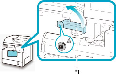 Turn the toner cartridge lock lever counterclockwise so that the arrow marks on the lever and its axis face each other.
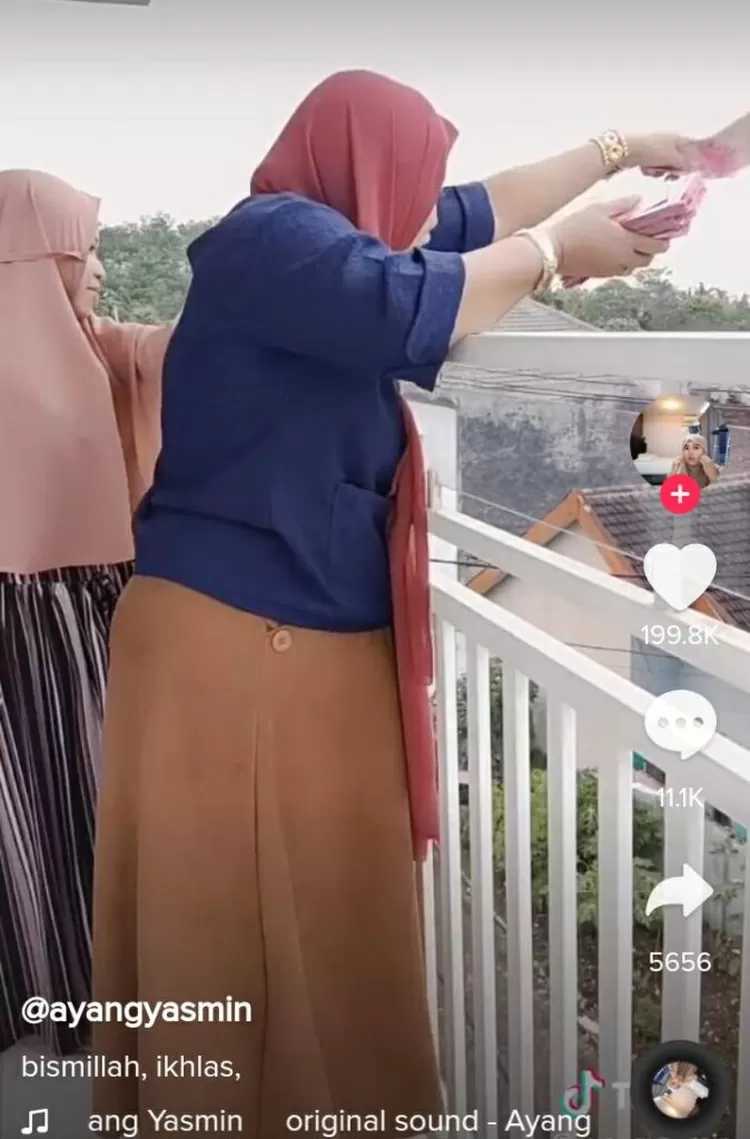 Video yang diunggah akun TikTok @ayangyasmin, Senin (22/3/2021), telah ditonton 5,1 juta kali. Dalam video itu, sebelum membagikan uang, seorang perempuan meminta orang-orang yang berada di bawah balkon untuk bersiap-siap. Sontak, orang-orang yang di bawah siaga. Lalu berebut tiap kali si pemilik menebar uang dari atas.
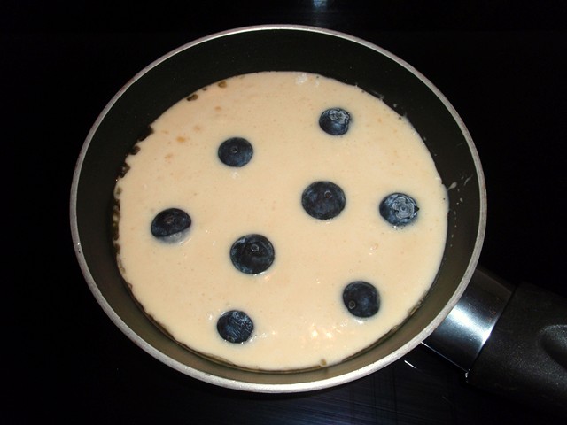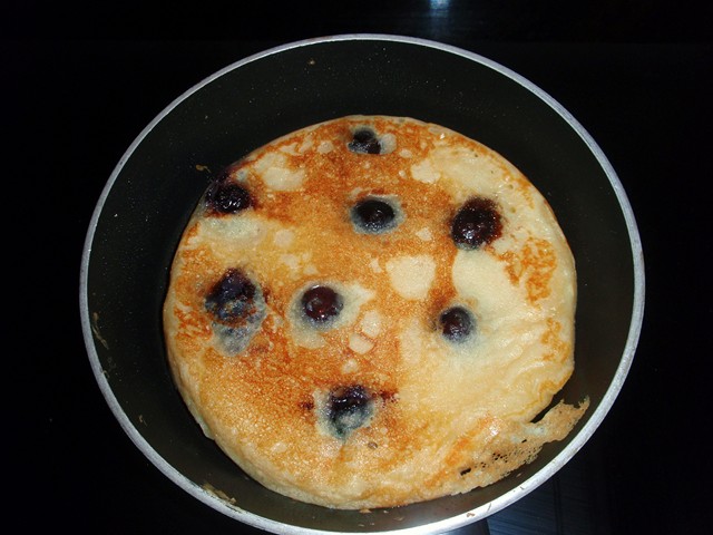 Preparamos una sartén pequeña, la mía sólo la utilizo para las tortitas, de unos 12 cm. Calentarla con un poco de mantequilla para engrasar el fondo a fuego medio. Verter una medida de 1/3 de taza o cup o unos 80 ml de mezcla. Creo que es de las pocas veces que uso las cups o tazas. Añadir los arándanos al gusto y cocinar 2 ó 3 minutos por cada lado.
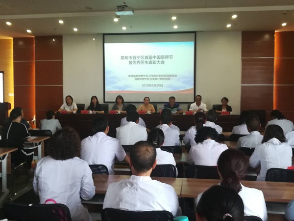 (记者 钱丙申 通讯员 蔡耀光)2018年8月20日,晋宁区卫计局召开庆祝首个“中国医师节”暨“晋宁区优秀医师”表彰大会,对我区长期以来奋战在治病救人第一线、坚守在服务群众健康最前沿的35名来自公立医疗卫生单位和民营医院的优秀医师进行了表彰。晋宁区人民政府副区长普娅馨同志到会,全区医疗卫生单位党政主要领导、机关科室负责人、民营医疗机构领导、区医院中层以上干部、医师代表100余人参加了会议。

- [PROBLEM]: A faithful copy of the data above is wanted, with every image left out.

- [TASK SOLUTION]:
 Turn the toner cartridge lock lever counterclockwise so that the arrow marks on the lever and its axis face each other.
 Video yang diunggah akun TikTok @ayangyasmin, Senin (22/3/2021), telah ditonton 5,1 juta kali. Dalam video itu, sebelum membagikan uang, seorang perempuan meminta orang-orang yang berada di bawah balkon untuk bersiap-siap. Sontak, orang-orang yang di bawah siaga. Lalu berebut tiap kali si pemilik menebar uang dari atas.
 Preparamos una sartén pequeña, la mía sólo la utilizo para las tortitas, de unos 12 cm. Calentarla con un poco de mantequilla para engrasar el fondo a fuego medio. Verter una medida de 1/3 de taza o cup o unos 80 ml de mezcla. Creo que es de las pocas veces que uso las cups o tazas. Añadir los arándanos al gusto y cocinar 2 ó 3 minutos por cada lado.
 (记者 钱丙申 通讯员 蔡耀光)2018年8月20日,晋宁区卫计局召开庆祝首个“中国医师节”暨“晋宁区优秀医师”表彰大会,对我区长期以来奋战在治病救人第一线、坚守在服务群众健康最前沿的35名来自公立医疗卫生单位和民营医院的优秀医师进行了表彰。晋宁区人民政府副区长普娅馨同志到会,全区医疗卫生单位党政主要领导、机关科室负责人、民营医疗机构领导、区医院中层以上干部、医师代表100余人参加了会议。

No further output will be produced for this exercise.